Editorial

Nuevos ejemplos de abusos físicos

sábado, 30 de noviembre de 2013 · 20:29

Dos nuevos incidentes se añaden a los innumerables casos de violación a los derechos humanos que se registran en el país de manera creciente y que Página Siete ha mencionado con frecuencia en estos espacios. Por una parte, el interno Elías Apaza, de 21 años, murió en una zona de castigo de la cárcel de San Pedro; según sus familiares, el cuerpo de Apaza mostraba signos evidentes de haber sufrido una golpiza. El otro caso es el del conscripto Javier Huarachi, que sufrió un brutal castigo físico en Cobija supuestamente de parte del comandante de su regimiento, el capitán de navío Rogelio Rojas.
Es probable, como en casi todos los casos en los que militares y policías están involucrados en golpizas y tratos degradantes, que estos nuevos ejemplos de abusos queden sin investigación y, menos aún, castigo.
Recientemente Página Siete comentaba de los por lo menos 28 uniformados que han muerto en los últimos años, producto de golpizas, en recintos militares y policiales, o debido a que son obligados a realizar trabajo físico para el cual no están preparados para hacer (ni deberían ser forzados a cumplir).

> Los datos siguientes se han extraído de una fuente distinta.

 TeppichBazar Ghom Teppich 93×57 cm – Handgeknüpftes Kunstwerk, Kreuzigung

Si a ello le suman los permanentes casos de linchamientos y otras formas de abusos físicos, para no hablar de la creciente violencia contra la mujer, existe la sensación de que el respeto en Bolivia a los derechos humanos es cada vez más tenue.
La clave de este asunto es la impunidad. Si los casos de golpizas, torturas y otras formas de abuso físico nunca son sancionados, se genera un espacio cada vez más grande para que estos hechos se sigan produciendo. Hace más de tres años, cuando murió el supuesto delincuente David Olorio en una celda policial producto de las torturas a las que fue sometido por varios policías, el Gobierno prometió que investigaría a los responsables, cosa que no ocurrió. Desde entonces se han multiplicado en el país la violación de los derechos humanos de acusados, reos y conscriptos.

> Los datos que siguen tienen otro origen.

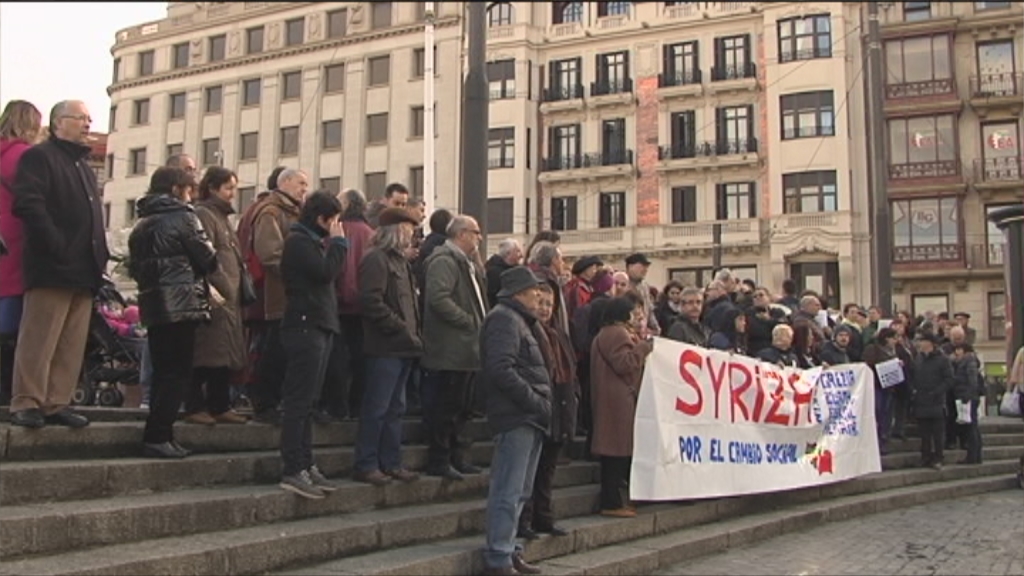 La plataforma a favor al cambio en Grecia, 'Syrizarekin', se ha concentrado frente al teatro Arriaga de Bilbao, con el objetivo de mostrar su apoyo a Syriza.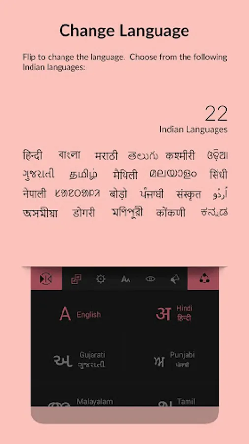 (Full list of supported 22 official Indian languages + English given above)

Si la impunidad es un factor para tomar en cuenta, el otro es la desidia de las autoridades del país. Los ministros de Defensa y Gobierno, que supervisan a las FFAA y la Policía, respectivamente, no hacen los esfuerzos suficientes para frenar estos casos. El primero de ellos, por ejemplo, no se ha reunido con el defensor del Pueblo, que le solicitó una reunión para analizar el asunto.

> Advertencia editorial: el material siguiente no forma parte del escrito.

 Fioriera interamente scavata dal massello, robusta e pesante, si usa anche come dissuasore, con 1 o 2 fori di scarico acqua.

Un país que se dice democrático debe cerciorarse de que los derechos humanos de las personas, los más básicos, como el derecho a la seguridad física, se cumplan. No es el caso, lamentablemente, de nuestro país.

Es probable, como en casi todos los casos en los que militares y policías están involucrados en golpizas, que estos ejemplos queden sin investigación.